I am working on a classification model that has 10% targets with a relatively small modelling base (~2500 records). After the autopilot, the recommended model is denoted as using 100% of the sample size. As i am quite new to DataRobot, i have 3 questions as follows:
1) What does 100% of the sample size mean? Does it mean that the model was trained on 100% of the data and I should not upload the same set of data for prediction as this will not be indicative of how well the model is able to generalize to unseen data?
1) What kind of data do i need to load in for an external test? I am unable to get a the "external test" tag when i upload a set of data for prediction.
2) Under the predict tab, am i able to upload a dataset of ~10k records (containing the 2500~ records used for autopilot) for prediction using the recommended model in order to evaluate the model performance?

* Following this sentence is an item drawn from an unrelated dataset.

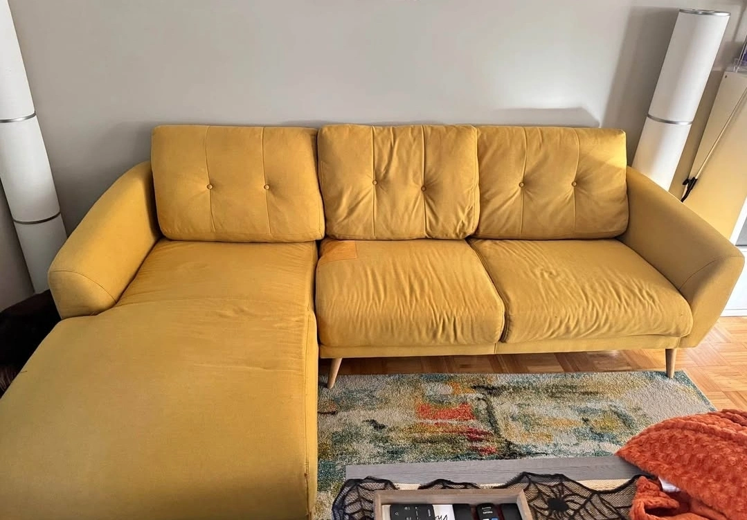 Selling a comfy yellow tufted sofa! It's a great piece for adding a pop of colour to your living room. There is some wear and tear, as shown in the photos, but it's still got lots of life left
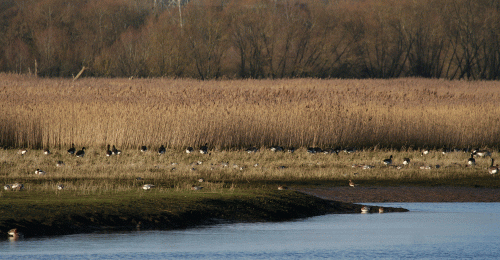 Lower Test Marshes, the White-front is in with all the Canadas but the 'small' Canada must be hiding in the reeds.

1) What does 100% of the sample size mean? Does it mean that the model was trained on 100% of the data and I should not upload the same set of data for prediction as this will not be indicative of how well the model is able to generalize to unseen data?
Yes. The model was trained on almost all the data, but a small subset was put aside for testing. In the case the model has been trained on all 100%, one assumes that the external data haven't been seen by the model.

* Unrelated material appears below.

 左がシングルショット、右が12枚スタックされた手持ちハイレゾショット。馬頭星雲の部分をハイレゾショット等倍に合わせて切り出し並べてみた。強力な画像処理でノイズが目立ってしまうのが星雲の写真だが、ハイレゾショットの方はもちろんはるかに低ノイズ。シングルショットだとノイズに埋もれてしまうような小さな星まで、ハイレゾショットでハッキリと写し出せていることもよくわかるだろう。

1) What kind of data do i need to load in for an external test? I am unable to get a the "external test" tag when i upload a set of data for prediction.

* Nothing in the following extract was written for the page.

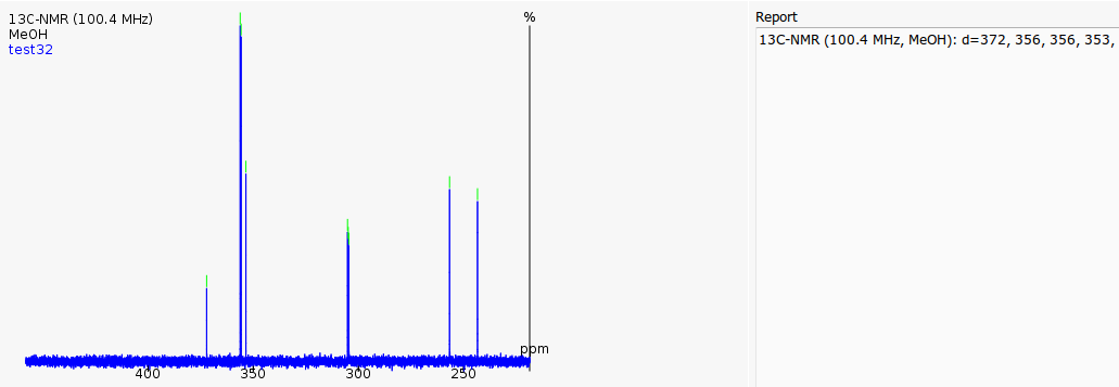 | JCAMP-Dateien (unter Verwendung dieser Bibliothek, auch 2D-NMR) | ![]() | Peakliste |
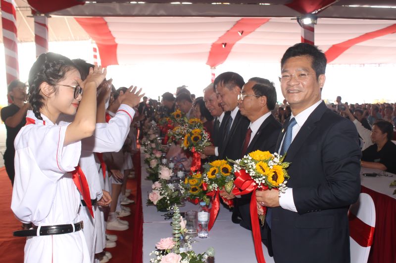 Các cháu thiếu nhi tặng hoa chúc mừng các đại biểu về dự lễ.

The data have to have at least the same features used for training. If you would like to perform "External Test" than the target feature (column) has to be included
2) Under the predict tab, am i able to upload a dataset of ~10k records (containing the 2500~ records used for autopilot) for prediction using the recommended model in order to evaluate the model performance? Yes, you can, as we don't check if the dataset uploaded is the similar to the one used for auto-pilot. However, too make sure that your model didn't just memorize the patterns, the dataset you use for prediction shouldn't have the same 2500 rows that you used for training.
Hey @data_rookie,
You can see what is meant by 100% of the sample by clicking the '+' next to the sample size.
It should show that all the data was used for training:
The reason that blueprint has been trained on 100% of the data is because that blueprint generalised/performed well with a smaller sample (64% of the data in the example leader board below).
With that in mind arguably the 100% would also generalise well as it did previously. Though it probably would still be inflated slightly.
To get predictions on your data-set you can use the option here:
If you want to get predictions on data that the model didn't train on you can use the model trained on 64% of the data and then download its cross-validation and holdout predictions.
Hope that answered some of your questions.